→ What is being asked
All lines from the one containing "Figura 14: Traslado" down to the one containing "Para el traslado", both ends included, are to be given again exactly; omit the rest of the listing below.

→ Collected material
*** Block opens ***

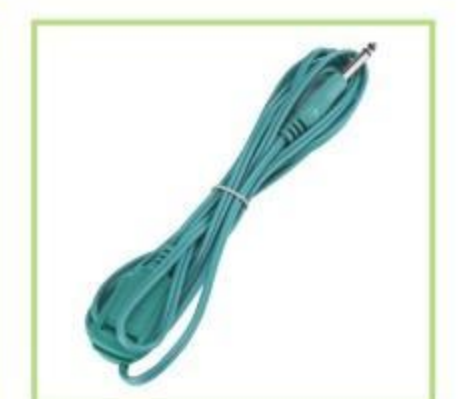
Cable de la placa del paciente
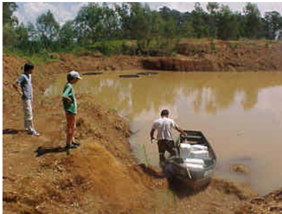
Figura 14: Traslado de los juveniles de pacu hacia las jaulas flotantes.

Para el traslado y siembra de los peces de las distintas especies se siguió la modalidad implementada para el pacu como se observa en las figuras 14 y 15.
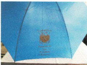
Parapluie de golf (golf umbrella) 25$.JPG

*** Block closes ***

→ Result of the exercise
Figura 14: Traslado de los juveniles de pacu hacia las jaulas flotantes.

Para el traslado y siembra de los peces de las distintas especies se siguió la modalidad implementada para el pacu como se observa en las figuras 14 y 15.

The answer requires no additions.